What to produce :: Output each record verbatim, with pictures left out.

Given information ::
+ + + + + + +
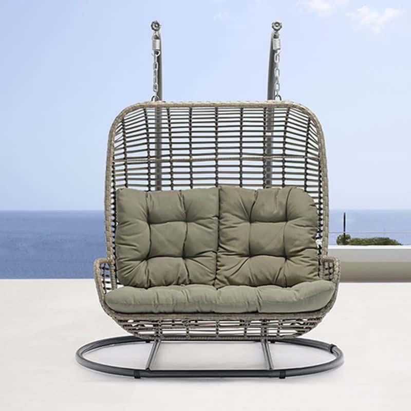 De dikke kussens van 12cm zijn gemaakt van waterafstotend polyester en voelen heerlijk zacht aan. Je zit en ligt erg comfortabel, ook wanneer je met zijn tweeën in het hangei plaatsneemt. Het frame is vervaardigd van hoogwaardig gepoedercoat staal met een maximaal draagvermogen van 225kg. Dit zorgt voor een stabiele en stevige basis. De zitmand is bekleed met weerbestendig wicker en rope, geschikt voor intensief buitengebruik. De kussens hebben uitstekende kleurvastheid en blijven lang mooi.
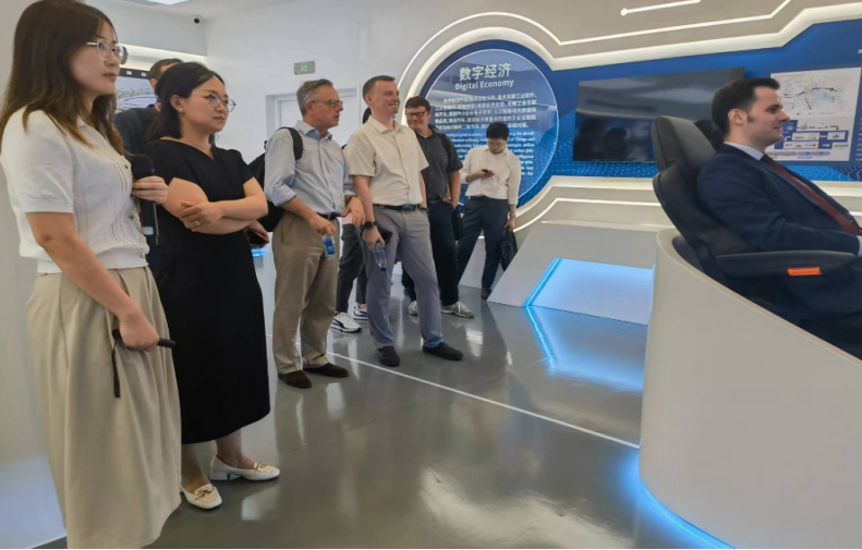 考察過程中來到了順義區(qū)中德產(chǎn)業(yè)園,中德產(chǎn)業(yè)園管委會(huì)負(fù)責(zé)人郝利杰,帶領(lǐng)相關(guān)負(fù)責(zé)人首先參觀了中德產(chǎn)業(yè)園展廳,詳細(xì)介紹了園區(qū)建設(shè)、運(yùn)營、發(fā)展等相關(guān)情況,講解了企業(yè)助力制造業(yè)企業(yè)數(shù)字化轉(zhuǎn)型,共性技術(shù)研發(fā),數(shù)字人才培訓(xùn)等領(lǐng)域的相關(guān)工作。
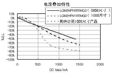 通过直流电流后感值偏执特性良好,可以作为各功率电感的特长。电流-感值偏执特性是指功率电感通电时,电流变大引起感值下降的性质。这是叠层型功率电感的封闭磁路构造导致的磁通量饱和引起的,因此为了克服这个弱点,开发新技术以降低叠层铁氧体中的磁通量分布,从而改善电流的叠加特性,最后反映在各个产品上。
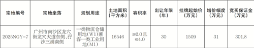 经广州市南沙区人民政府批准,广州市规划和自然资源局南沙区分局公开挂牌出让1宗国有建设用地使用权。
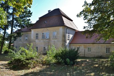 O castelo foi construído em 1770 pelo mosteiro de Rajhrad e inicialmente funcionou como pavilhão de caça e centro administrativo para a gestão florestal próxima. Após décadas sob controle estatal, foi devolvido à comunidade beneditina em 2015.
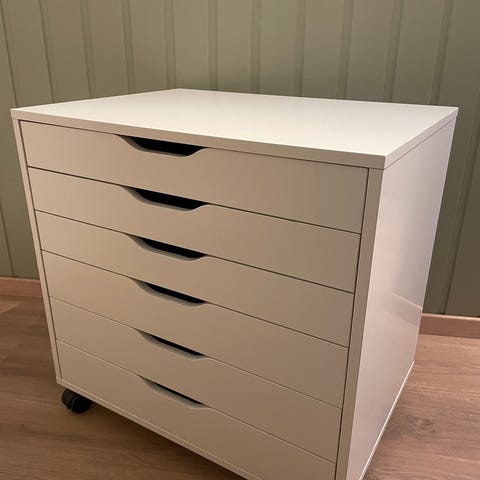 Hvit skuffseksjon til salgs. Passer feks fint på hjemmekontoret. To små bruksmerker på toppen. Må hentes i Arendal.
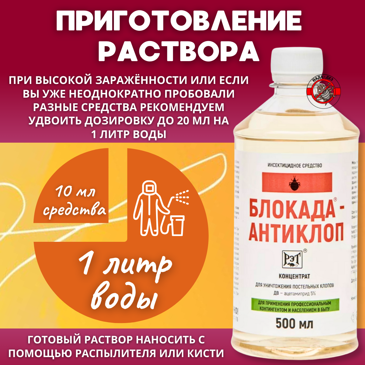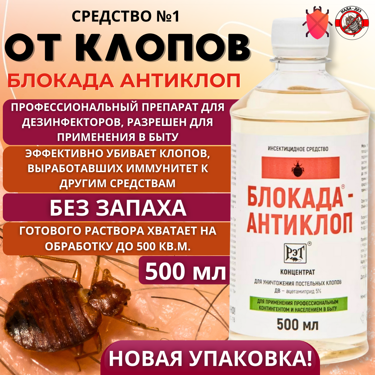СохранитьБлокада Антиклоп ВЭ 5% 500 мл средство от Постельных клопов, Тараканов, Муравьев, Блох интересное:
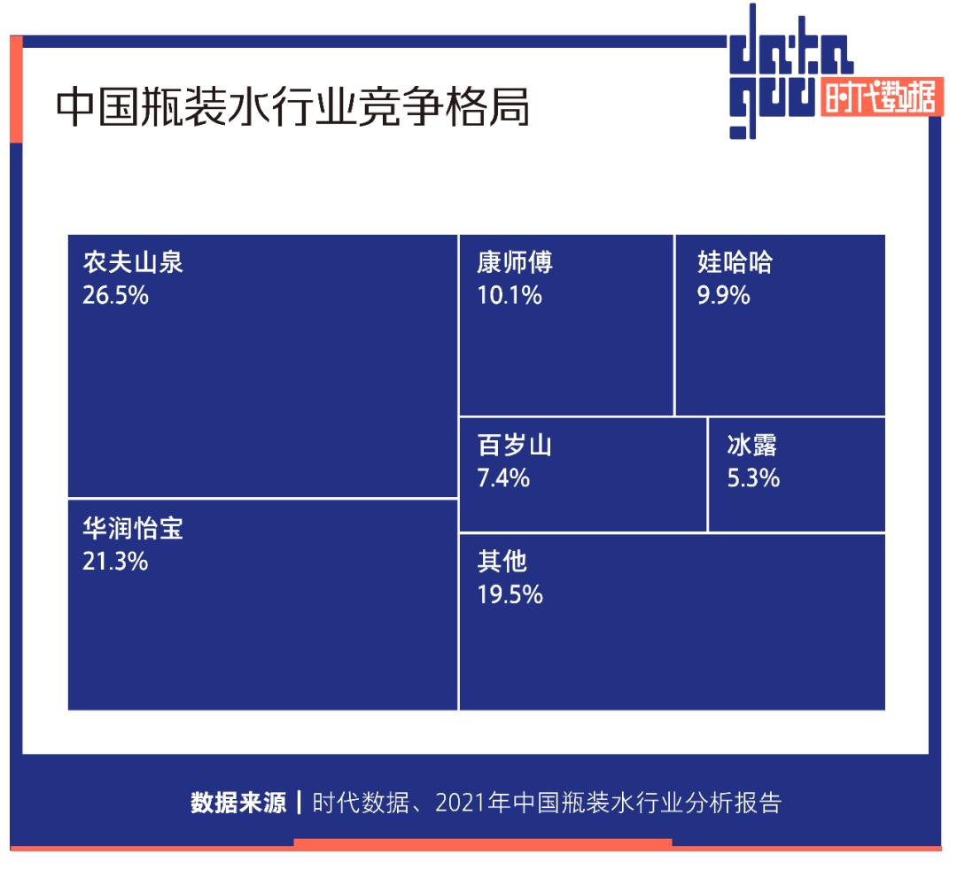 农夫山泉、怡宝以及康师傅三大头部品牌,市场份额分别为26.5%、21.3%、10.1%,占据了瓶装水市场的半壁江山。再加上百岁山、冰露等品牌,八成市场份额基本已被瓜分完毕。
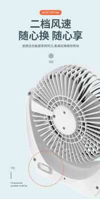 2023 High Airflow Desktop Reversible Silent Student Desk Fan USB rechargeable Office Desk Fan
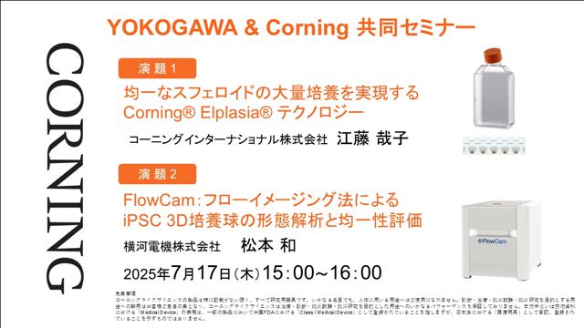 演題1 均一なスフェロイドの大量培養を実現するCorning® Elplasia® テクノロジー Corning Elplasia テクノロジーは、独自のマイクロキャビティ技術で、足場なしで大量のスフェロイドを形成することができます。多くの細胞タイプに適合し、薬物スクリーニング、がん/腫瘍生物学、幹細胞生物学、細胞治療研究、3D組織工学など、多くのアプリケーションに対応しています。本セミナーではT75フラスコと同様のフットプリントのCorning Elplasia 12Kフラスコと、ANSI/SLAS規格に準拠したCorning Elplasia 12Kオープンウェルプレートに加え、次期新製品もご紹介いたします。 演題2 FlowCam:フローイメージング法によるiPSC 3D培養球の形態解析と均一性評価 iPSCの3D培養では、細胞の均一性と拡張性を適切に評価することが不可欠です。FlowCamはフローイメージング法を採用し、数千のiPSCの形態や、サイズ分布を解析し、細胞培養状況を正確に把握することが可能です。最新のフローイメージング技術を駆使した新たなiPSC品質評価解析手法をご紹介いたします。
+ + + + + + +
Result of this exercise ::
 De dikke kussens van 12cm zijn gemaakt van waterafstotend polyester en voelen heerlijk zacht aan. Je zit en ligt erg comfortabel, ook wanneer je met zijn tweeën in het hangei plaatsneemt. Het frame is vervaardigd van hoogwaardig gepoedercoat staal met een maximaal draagvermogen van 225kg. Dit zorgt voor een stabiele en stevige basis. De zitmand is bekleed met weerbestendig wicker en rope, geschikt voor intensief buitengebruik. De kussens hebben uitstekende kleurvastheid en blijven lang mooi.
 考察過程中來到了順義區(qū)中德產(chǎn)業(yè)園,中德產(chǎn)業(yè)園管委會(huì)負(fù)責(zé)人郝利杰,帶領(lǐng)相關(guān)負(fù)責(zé)人首先參觀了中德產(chǎn)業(yè)園展廳,詳細(xì)介紹了園區(qū)建設(shè)、運(yùn)營、發(fā)展等相關(guān)情況,講解了企業(yè)助力制造業(yè)企業(yè)數(shù)字化轉(zhuǎn)型,共性技術(shù)研發(fā),數(shù)字人才培訓(xùn)等領(lǐng)域的相關(guān)工作。
 通过直流电流后感值偏执特性良好,可以作为各功率电感的特长。电流-感值偏执特性是指功率电感通电时,电流变大引起感值下降的性质。这是叠层型功率电感的封闭磁路构造导致的磁通量饱和引起的,因此为了克服这个弱点,开发新技术以降低叠层铁氧体中的磁通量分布,从而改善电流的叠加特性,最后反映在各个产品上。
 经广州市南沙区人民政府批准,广州市规划和自然资源局南沙区分局公开挂牌出让1宗国有建设用地使用权。
 O castelo foi construído em 1770 pelo mosteiro de Rajhrad e inicialmente funcionou como pavilhão de caça e centro administrativo para a gestão florestal próxima. Após décadas sob controle estatal, foi devolvido à comunidade beneditina em 2015.
 Hvit skuffseksjon til salgs. Passer feks fint på hjemmekontoret. To små bruksmerker på toppen. Må hentes i Arendal.
СохранитьБлокада Антиклоп ВЭ 5% 500 мл средство от Постельных клопов, Тараканов, Муравьев, Блох интересное:
 农夫山泉、怡宝以及康师傅三大头部品牌,市场份额分别为26.5%、21.3%、10.1%,占据了瓶装水市场的半壁江山。再加上百岁山、冰露等品牌,八成市场份额基本已被瓜分完毕。
 2023 High Airflow Desktop Reversible Silent Student Desk Fan USB rechargeable Office Desk Fan
 演題1 均一なスフェロイドの大量培養を実現するCorning® Elplasia® テクノロジー Corning Elplasia テクノロジーは、独自のマイクロキャビティ技術で、足場なしで大量のスフェロイドを形成することができます。多くの細胞タイプに適合し、薬物スクリーニング、がん/腫瘍生物学、幹細胞生物学、細胞治療研究、3D組織工学など、多くのアプリケーションに対応しています。本セミナーではT75フラスコと同様のフットプリントのCorning Elplasia 12Kフラスコと、ANSI/SLAS規格に準拠したCorning Elplasia 12Kオープンウェルプレートに加え、次期新製品もご紹介いたします。 演題2 FlowCam:フローイメージング法によるiPSC 3D培養球の形態解析と均一性評価 iPSCの3D培養では、細胞の均一性と拡張性を適切に評価することが不可欠です。FlowCamはフローイメージング法を採用し、数千のiPSCの形態や、サイズ分布を解析し、細胞培養状況を正確に把握することが可能です。最新のフローイメージング技術を駆使した新たなiPSC品質評価解析手法をご紹介いたします。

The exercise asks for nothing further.